At the same time, he expressed admiration for the protesters, who he said are “exercising their constitutional right to petition and protest.” He juxtaposed the “disciplined and peaceful” behavior of the protesters with that of the “law-breaking corporations,” and the “police power of the state” that has been deployed against them.

“The sad thing about this whole spectacle is that the police power of the state has been deployed. And when I say ‘police power,’ I mean an extremely violent, sophisticated military power with acoustic sound guns, pepper spray, tear gas and plastic bullets that are being fired into crowds. That is being deployed against a group on behalf of a law-breaking corporation."

Indian reservations

Kennedy went on to describe the mood among the estimated 300 Indian groups that have turned out to express their anger over the project.

“It’s the biggest convocation for 100 years of Indian nations… and there’s a profound recognition they’re doing something, not just for the native people, but they’re doing something that is critical for the American people and humanity that they are standing up to a carbon producer that is really going to contribute substantially to the destruction of the planet, civilization and humanity.”

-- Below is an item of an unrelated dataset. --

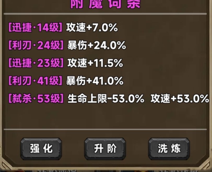 T1级别:弑杀(减生命,加攻速)、迅捷(单攻速)、凝神(增暴击、增攻速,加的攻速与同等级迅捷词条一样)、不屈(单加生命上限)、利刃(单爆伤)、暗影(加暴击,加爆伤,加的爆伤与同级别利刃相同)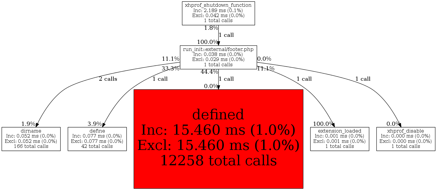 | xhprof_shutdown_function | 1 | 100.0% | 38 | 100.0% | 0 | N/A% | 9,168 | 100.0% | 0 | N/A% |

According to Kennedy, the land the pipeline runs through is not actually on Indian reservation land; it’s a few feet away. But it’s part of the reservation that was part of the original Treaty of Laramie… and then they found gold in the Black Hills and they said, "We’re not going to pay attention to that anymore."

Kennedy then derided the argument that the pipeline is important for the United States because it will provide “energy independence.” In fact, he argued, the oil would go to other countries, like China, thus negating the “cost-benefit analysis” of the project.

“They would have to show how many jobs we are producing, where is the oil going (until recently, it was illegal to export crude oil), but they had that 40-year old law changed and this oil is going to China. What this project is going to do is enrich a few billionaires… but it’s going to impoverish the rest of the country. And it’s going to injure humanity profoundly."